Collected data entries

++++

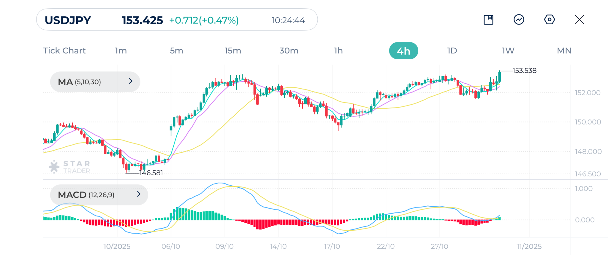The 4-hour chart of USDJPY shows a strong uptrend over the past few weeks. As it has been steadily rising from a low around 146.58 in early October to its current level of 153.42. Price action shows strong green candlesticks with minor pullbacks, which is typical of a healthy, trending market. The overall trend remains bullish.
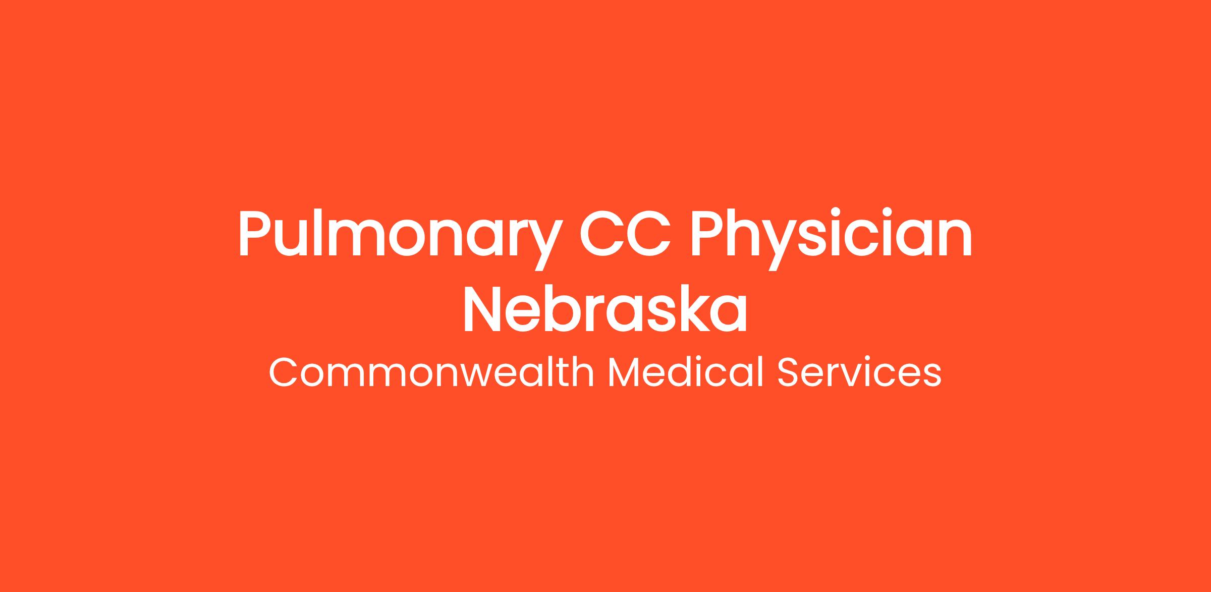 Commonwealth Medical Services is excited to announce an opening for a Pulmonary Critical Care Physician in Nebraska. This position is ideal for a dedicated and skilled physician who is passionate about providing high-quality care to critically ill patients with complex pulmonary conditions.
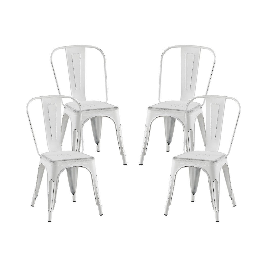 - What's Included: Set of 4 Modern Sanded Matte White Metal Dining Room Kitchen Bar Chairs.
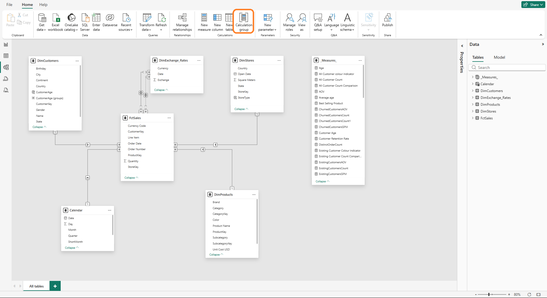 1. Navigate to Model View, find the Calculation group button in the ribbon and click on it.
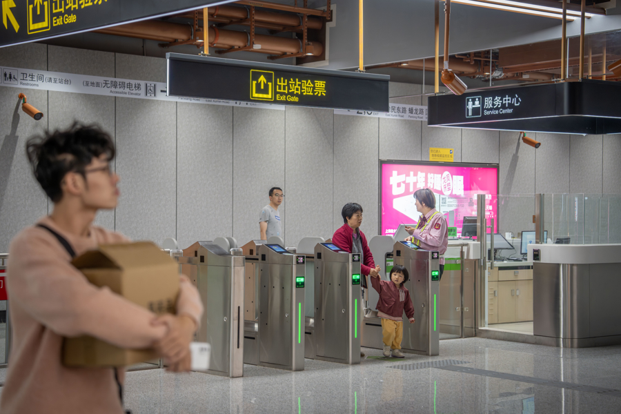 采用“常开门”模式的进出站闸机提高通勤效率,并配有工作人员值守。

++++

Try it:
Please print the lines from the one holding "- What's Included: Set" through the end of the records above, unchanged and with the pictures left out.

Answer to this task:
 - What's Included: Set of 4 Modern Sanded Matte White Metal Dining Room Kitchen Bar Chairs.
 1. Navigate to Model View, find the Calculation group button in the ribbon and click on it.
 采用“常开门”模式的进出站闸机提高通勤效率,并配有工作人员值守。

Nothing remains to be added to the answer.